Right know I have read-only mode ready and its very easy to build stuff on top of it.
Also, I had to provide a lot of SKILLS to GPT5.3
how do you know there is such thing as good code foundations, and how do you know you have it? this is an argument from ego
socketcluster nailed it. I've seen this firsthand — the same agent produces clean output when the codebase has typed specs and a manifest, and produces garbage when it's navigating tribal knowledge. The hard part was always there. Agents just can't hide it like humans can.
[dead]
I agree completely.
I just did my first “AI native coding project”. Both because for now I haven’t run into any quotas using Codex CLI with my $20/month ChatGPT subscription and the company just gave everyone an $800/month Claude allowance.
Before I even started the implementation I:
1. Put the initial sales contract with the business requirements.
2. Notes I got from talking to sales
3. The transcript of the initial discovery calls
4. My design diagrams that were well labeled (cloud architecture and what each lambda does)

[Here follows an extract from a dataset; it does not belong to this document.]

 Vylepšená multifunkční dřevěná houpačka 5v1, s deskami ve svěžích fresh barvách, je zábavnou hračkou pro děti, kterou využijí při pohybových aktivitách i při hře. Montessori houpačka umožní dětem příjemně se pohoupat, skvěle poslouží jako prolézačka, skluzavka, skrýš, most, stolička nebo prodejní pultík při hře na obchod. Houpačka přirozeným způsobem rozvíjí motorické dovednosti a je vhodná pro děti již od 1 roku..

5. The transcript of the design review and my explanations and answering questions.
6. My ChatGPT assisted breakdown of the Epics/stories and tasks I had to do for the PMO
I then told ChatGPT to give a detailed breakdown of everything during the session as Markdown
That was the start of my AGENTS.md file.
While working through everything task by task and having Codex/Claude code do the coding, I told it to update a separate md file with what it did and when I told it to do something differently and why.
Any developer coming in after me will have complete context of the project from the first git init and they and the agents will know the why behind every decision that was made.
Can you say that about any project that was done before GenAI?